The code snippet below demonstrates the usage of a TransformIterator composed with a CountingIterator, transforming the sequence [10, 11, 12] by squaring each item before reducing the output:

import functools

import cupy as cp
import numpy as np

import cuda.cccl.parallel.experimental as parallel

def add_op(a, b):
    return a + b

def square_op(a):
    return a**2

first_item = 10
num_items = 3

transform_it = parallel.TransformIterator(
    parallel.CountingIterator(np.int32(first_item)), square_op
)  # Input sequence
h_init = np.array([0], dtype=np.int32)  # Initial value for the reduction
d_output = cp.empty(1, dtype=np.int32)  # Storage for output

# Run reduction
parallel.reduce_into(transform_it, d_output, add_op, num_items, h_init)

expected_output = functools.reduce(
    lambda a, b: a + b, [a**2 for a in range(first_item, first_item + num_items)]
)
assert (d_output == expected_output).all()
Parameters:
  • it – The iterator object to be transformed

  • op – The transform operation

Returns:

A TransformIterator object to transform the items in it using op

cuda.cccl.parallel.experimental.iterators.ZipIterator(*iterators)#

Returns an Iterator representing a zipped sequence of values from N iterators.

Similar to https://nvidia.github.io/cccl/thrust/api/classthrust_1_1zip__iterator.html

The resulting iterator yields gpu_struct objects with fields corresponding to each input iterator. For 2 iterators, fields are named ‘first’ and ‘second’. For N iterators, fields are indexed as field_0, field_1, …, field_N-1.

Example

The code snippet below demonstrates the usage of a ZipIterator combining two device arrays:

Parameters:

*iterators – Variable number of iterators to zip (at least 1)

Returns:

A ZipIterator object that yields combined values from all input iterators

Utilities#

cuda.cccl.parallel.experimental.struct.gpu_struct_from_numba_types(name, field_names, field_types)#

Create a struct type from tuples of field names and numba types.

Parameters:
  • name (str) – The name of the struct class

  • field_names (tuple) – Tuple of field names

  • field_types (tuple) – Tuple of corresponding numba types

Returns:

A dynamically created struct class with the specified fields

Return type:

Type

cuda.cccl.parallel.experimental.struct.gpu_struct(this)#

Decorate a class as a GPU struct.

A GpuStruct represents a value composed of one or more other values, and is defined as a class with annotated fields (similar to a dataclass).
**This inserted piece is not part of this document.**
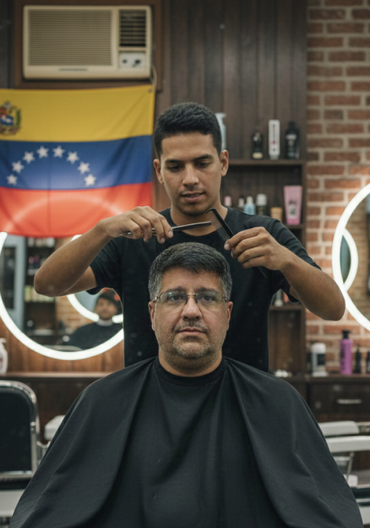 Essa primeira pergunta nunca falha em criar um silêncio espesso, desses que nem o barulho da tesoura consegue cortar. É unânime: saudade. Saudade da mãe, do pai, dos filhos que ficaram, da rua, do cheiro da terra natal, do país que já não existe do jeito que guarda na memória. Alguns respondem rápido; outros precisam respirar antes. Há olhos que marejam, vozes que diminuem. Por alguns segundos, o salão vira Caracas, Maracaibo, Barquisimeto ou qualquer cidade que hoje só cabe na lembrança e que nenhum relatório internacional consegue traduzir.

The type of each field must be a subclass of np.number, like np.int32 or np.float64.

Arrays of GPUStruct objects can be used as inputs to cuda.cccl.parallel algorithms.

Example

The code snippet below shows how to use gpu_struct to define a MinMax type (composed of min_val, max_val values), and perform a reduction on an input array of floating point values to compute its the smallest and the largest absolute values:

import cupy as cp
import numpy as np

import cuda.cccl.parallel.experimental as parallel

@parallel.gpu_struct
class MinMax:
    min_val: np.float64
    max_val: np.float64

def minmax_op(v1: MinMax, v2: MinMax):
    c_min = min(v1.min_val, v2.min_val)
    c_max = max(v1.max_val, v2.max_val)
    return MinMax(c_min, c_max)

def transform_op(v):
    av = abs(v)
    return MinMax(av, av)

nelems = 4096

d_in = cp.random.randn(nelems)
# input values must be transformed to MinMax structures
# in-place to map computation to data-parallel reduction
# algorithm that requires commutative binary operation
# with both operands having the same type.
tr_it = parallel.TransformIterator(d_in, transform_op)

d_out = cp.empty(tuple(), dtype=MinMax.dtype)

# initial value set with identity elements of
# minimum and maximum operators
h_init = MinMax(np.inf, -np.inf)

# run the reduction algorithm
parallel.reduce_into(tr_it, d_out, minmax_op, nelems, h_init)

# display values computed on the device
actual = d_out.get()

h = np.abs(d_in.get())
expected = np.asarray([(h.min(), h.max())], dtype=MinMax.dtype)

assert actual == expected
Parameters:

this (type)

Return type:

Type[Any]

cuda.cccl.parallel.experimental.struct.gpu_struct_from_numpy_dtype(name, np_dtype)#

Create a GPU struct from a numpy record dtype.